Lindsey Buckingham has admitted Fleetwood Mac “didn’t – on paper – belong in the same group together.”
The 72-year-old guitarist was ousted from the iconic Stevie Nicks-fronted band in 2018, and while reflecting on joining the ‘Go Your Own Way’ hitmakers in 1974, Lindsey admitted their “synergy” was far greater than their parts.
He explained: “Early on, soon after joining Fleetwood Mac, I realised that we were the kind of group who didn’t – on paper – belong in the same group together.
“But yet that was the very thing that made us so effective.
“There was a synergy there, where the whole became more than the sum of its parts.
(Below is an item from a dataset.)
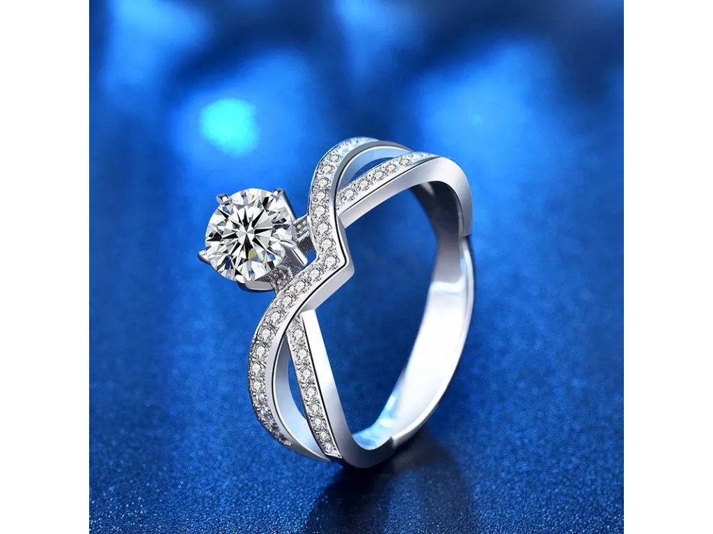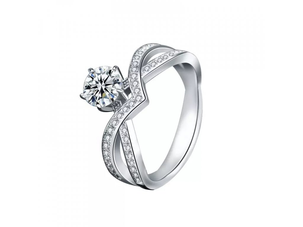 - Stříbrný rhodiovaný prsten zdobený zářivým drahokamem moissanitem a okolními třpytivými zirkony. Originální design prstenu, kvalitní zpracování a materiál, ručně dohotovené.

What happens is that you begin to understand that, and accept it as a gift.”
Lindsey – who released his seventh self-titled solo studio in September – also discussed embracing change and claimed inside “politics” is why Fleetwood Mac haven’t released any new music lately.
Their last studio album was 2003’s ‘Say You Will’, while Stevie and Christine McVie were joined by Lindsey’s replacement Neil Finn, of Crowded House, and Mike Campbell on guitar, on the one-off charity single ‘Find Your Way Back Home’ for the New Zealand homeless shelter Auckland City Mission.
On his solo career and having to be “willing” to lose some of Fleetwood’s huge following, he told Clash: “Fleetwood Mac is this big machine, and my solo endeavours are this smaller machine.
“Within Fleetwood Mac, politics have essentially dictated that we haven’t made any new music in a while.
“But as a solo artist, I don’t have to push back against that.
“I’ve always done what I’ve wanted to do, basically, and I think the realisation I had to come to was being willing to lose some of the huge audience Fleetwood Mac have in order to pursue that.
“It’s just a trade-off you have to be willing to make in order to do things on your own terms.”